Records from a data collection

▬▬▬▬▬▬▬▬▬▬

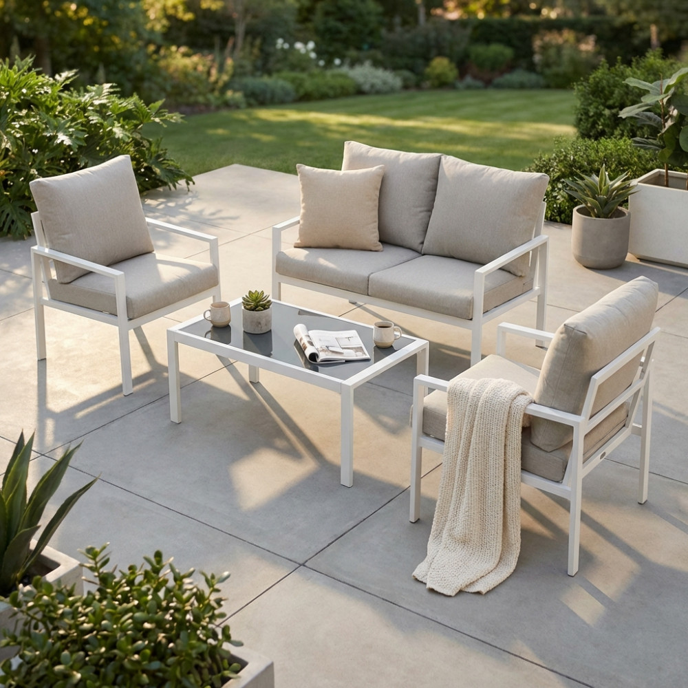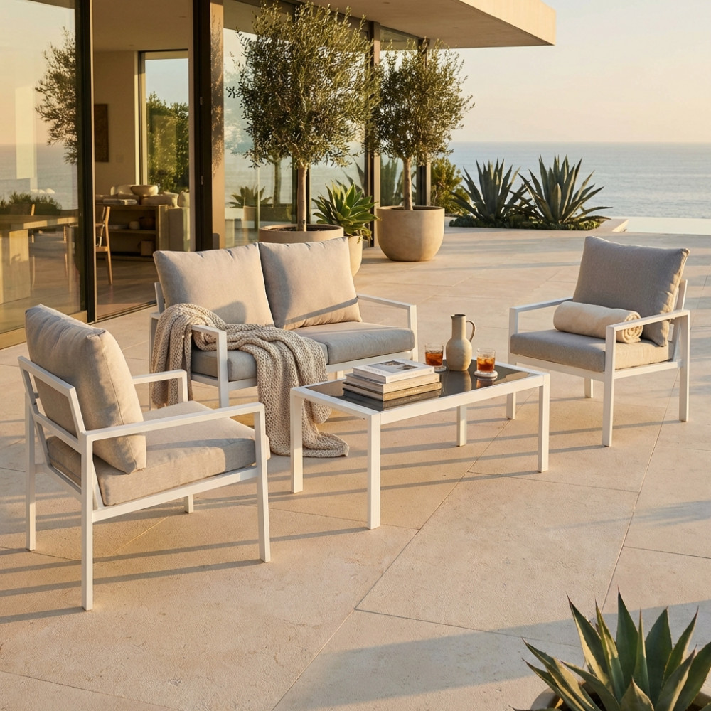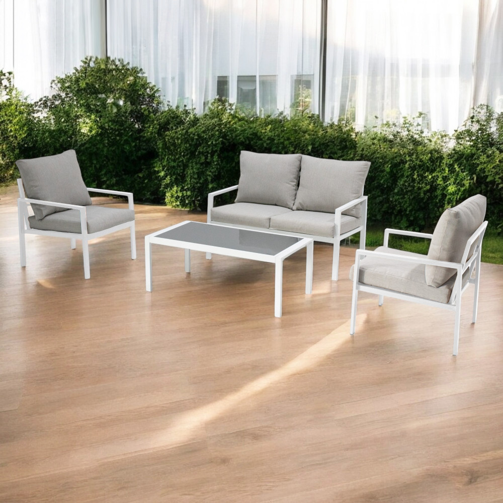 Struttura in alluminio verniciato antracite o bianco cuscini 9 cm Dimensioni: Divano: cm 114x68x75 Poltrona: cm 61x68x75 Tavolino: cm 105x53x40
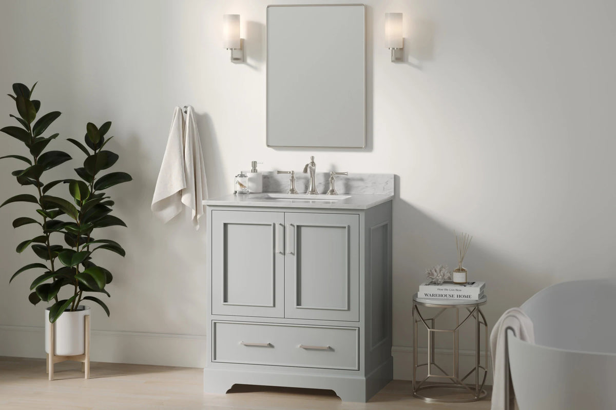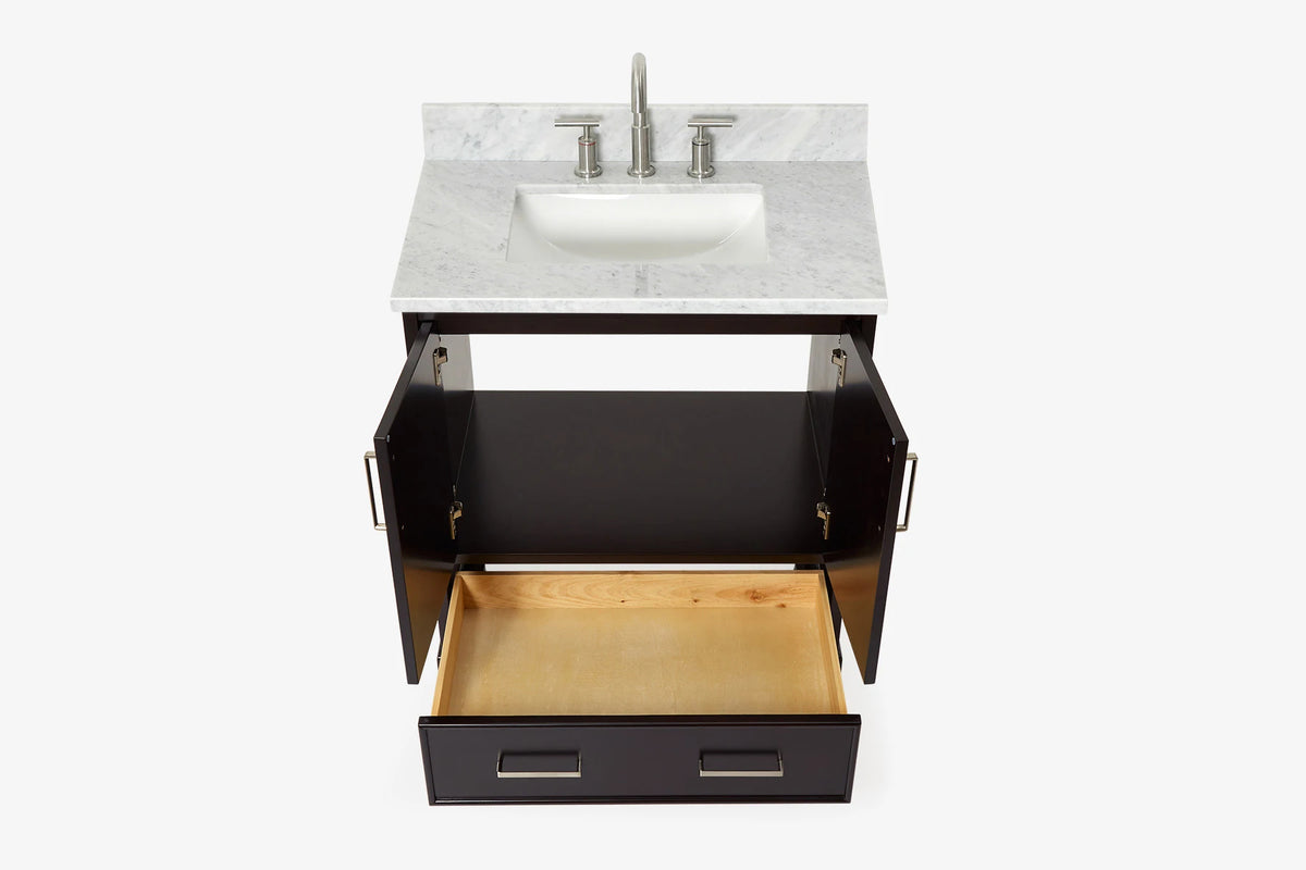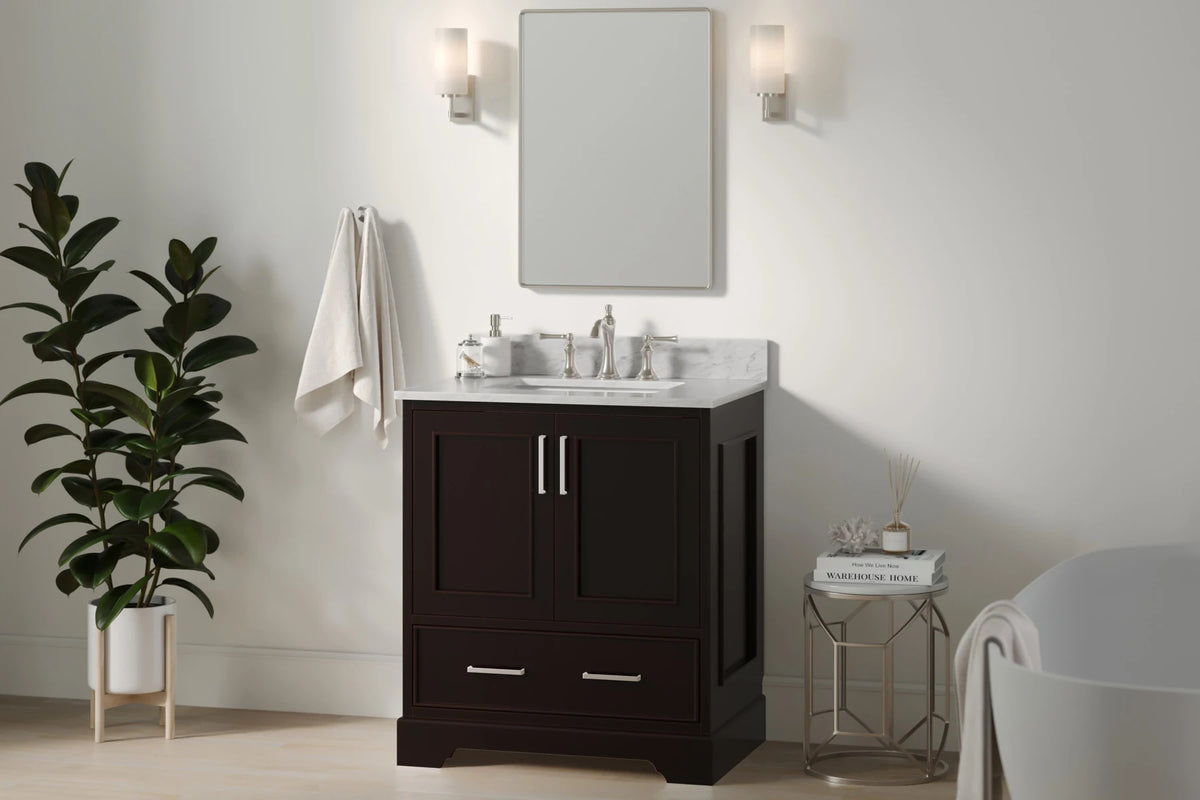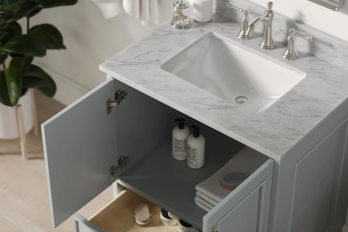 Stafford collection from ARIEL Bath will make bathroom look glamorous. Premium countertop with 4" backsplash , solid wood cabinets finished with quality details such as soft-close peace of mind, dovetail construction, brush nickle/ satin brass hardware and full extension glides. This Ariel bathroom vanity will ensure that your bathroom remains clutter-free. Various options for countertop, hardware, and cabinet color allow you to custom tailor your own bathroom remodeling
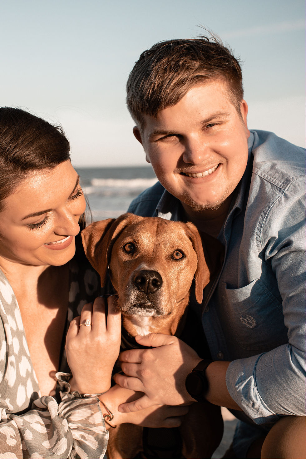 You all probably already know that Noah and I are obsessed with our dog Bree. Our friend Jared took some photos of us back in February and we brought Bree along. I knew ahead of time that she would not cooperate because the beach is way too much fun and there are way too many distractions for her to want to sit still and take a photo. This photo is pretty much the only one we were able to get and it is perfect, so we did not bring her for our engagement session. If your fur baby can handle it then bring them for sure because the pictures are priceless!
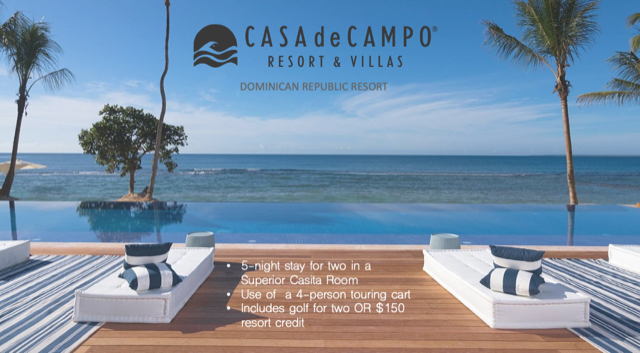 5-night stay for two in a Superior Casita Room at Casa de Campo Resort & Villas - a Dominican Republic Resort. Use of a 4-person touring cart. Includes golf for two OR $150 resort credit.
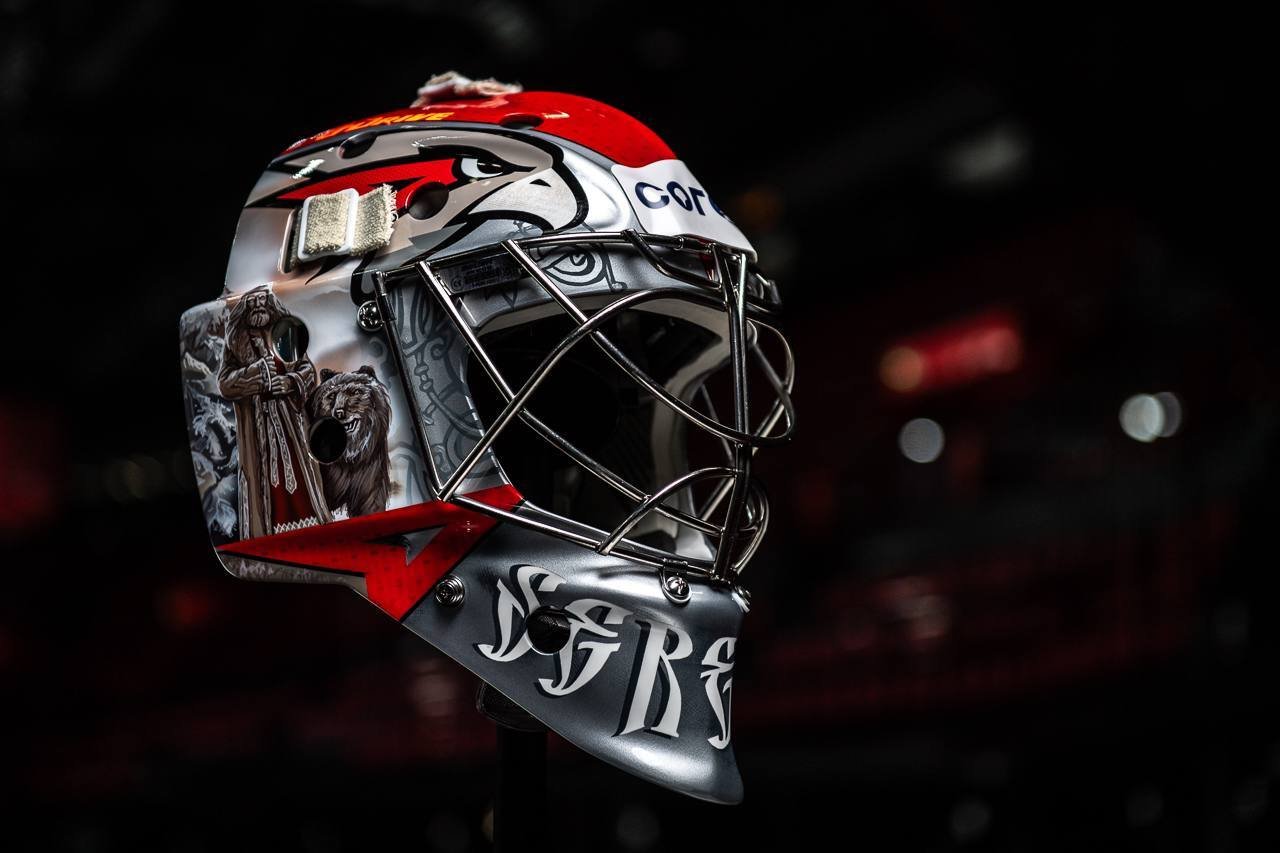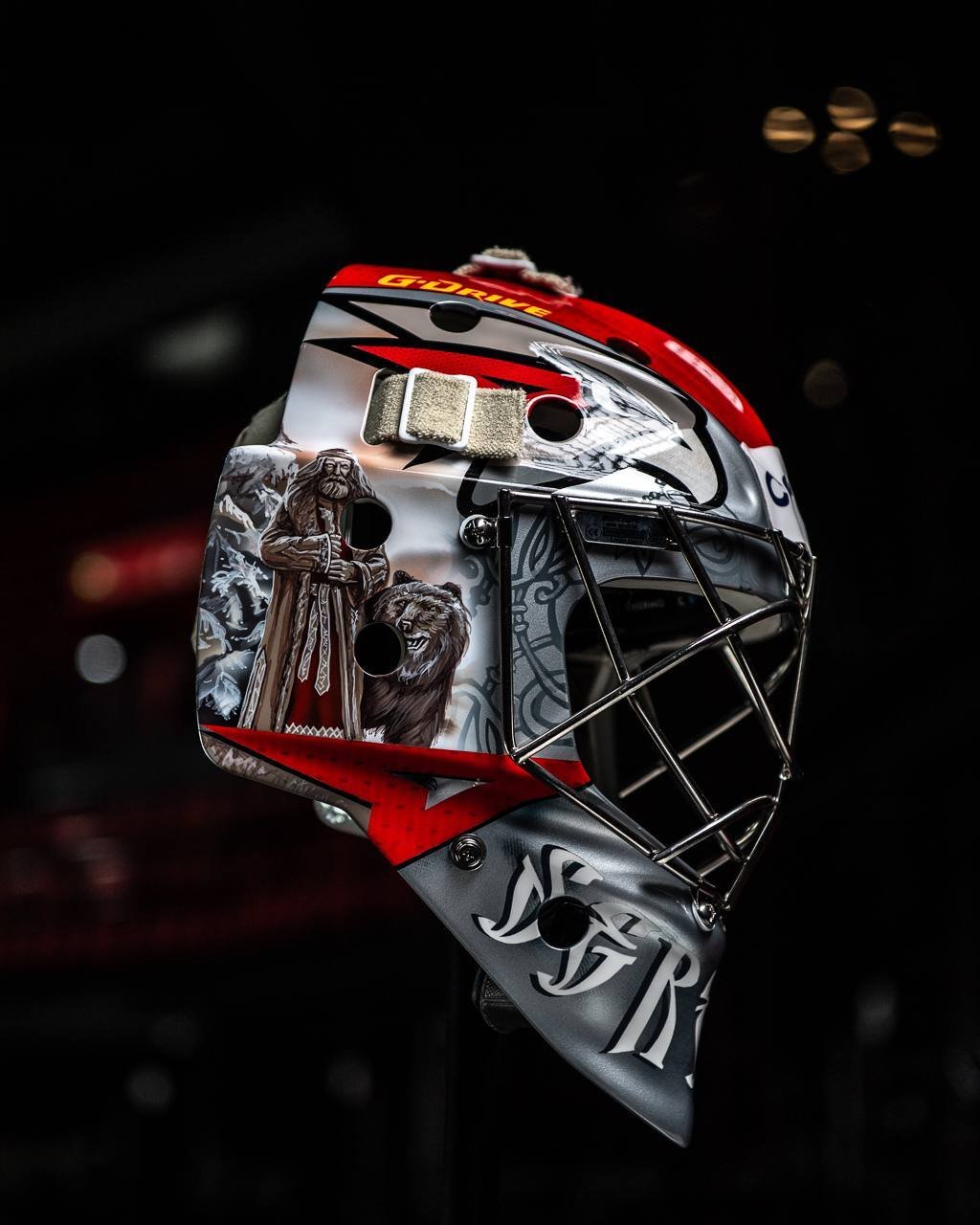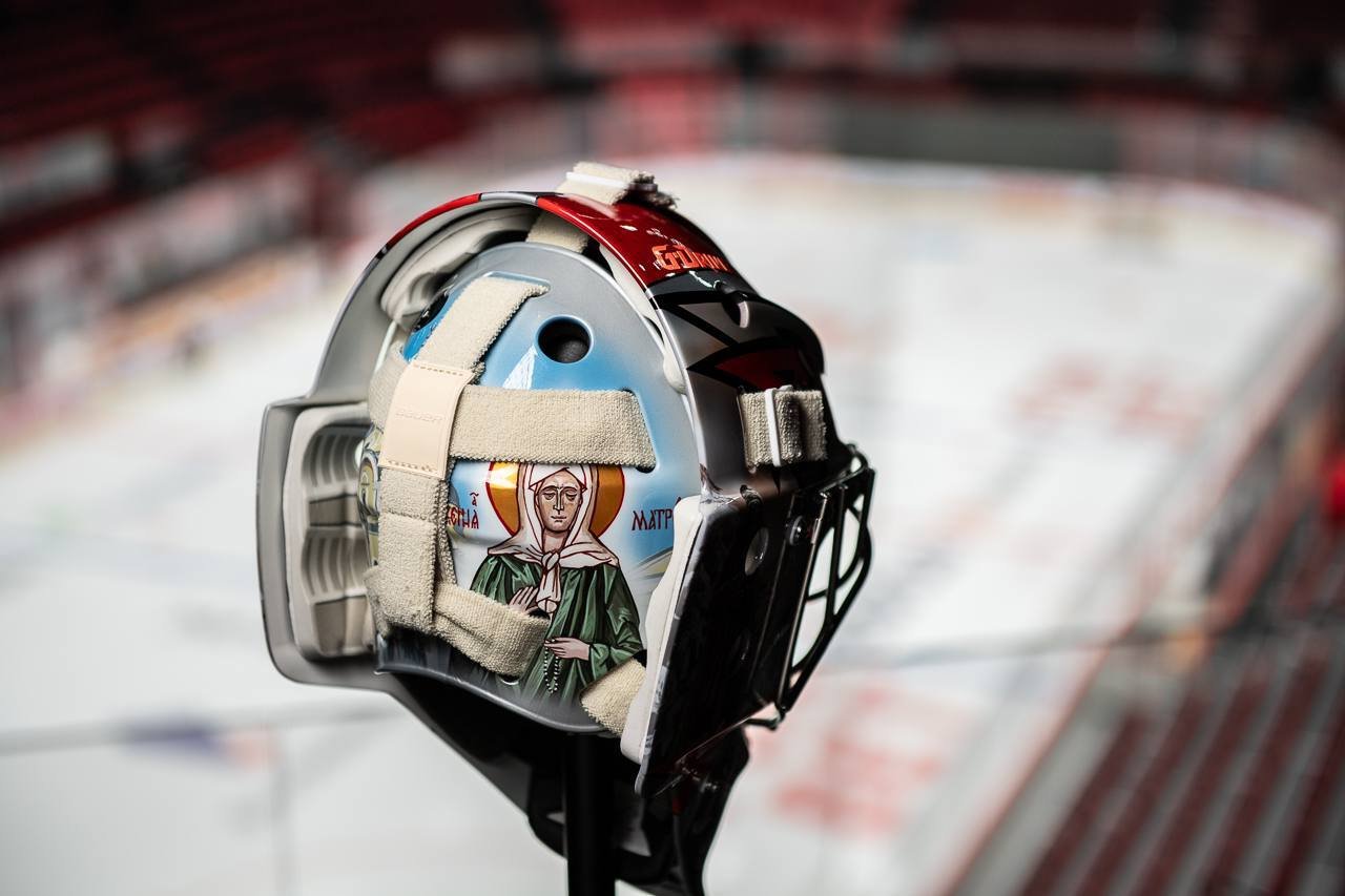 Вратарь «Авангарда» Серебряков показал новый шлем с изображениями Матроны Московской и языческих богов

▬▬▬▬▬▬▬▬▬▬

* [Exercise details]
Your answer must be the full set of entries, set down exactly and without pictures.

* [Task result]
 Struttura in alluminio verniciato antracite o bianco cuscini 9 cm Dimensioni: Divano: cm 114x68x75 Poltrona: cm 61x68x75 Tavolino: cm 105x53x40
 Stafford collection from ARIEL Bath will make bathroom look glamorous. Premium countertop with 4" backsplash , solid wood cabinets finished with quality details such as soft-close peace of mind, dovetail construction, brush nickle/ satin brass hardware and full extension glides. This Ariel bathroom vanity will ensure that your bathroom remains clutter-free. Various options for countertop, hardware, and cabinet color allow you to custom tailor your own bathroom remodeling
 You all probably already know that Noah and I are obsessed with our dog Bree. Our friend Jared took some photos of us back in February and we brought Bree along. I knew ahead of time that she would not cooperate because the beach is way too much fun and there are way too many distractions for her to want to sit still and take a photo. This photo is pretty much the only one we were able to get and it is perfect, so we did not bring her for our engagement session. If your fur baby can handle it then bring them for sure because the pictures are priceless!
 5-night stay for two in a Superior Casita Room at Casa de Campo Resort & Villas - a Dominican Republic Resort. Use of a 4-person touring cart. Includes golf for two OR $150 resort credit.
 Вратарь «Авангарда» Серебряков показал новый шлем с изображениями Матроны Московской и языческих богов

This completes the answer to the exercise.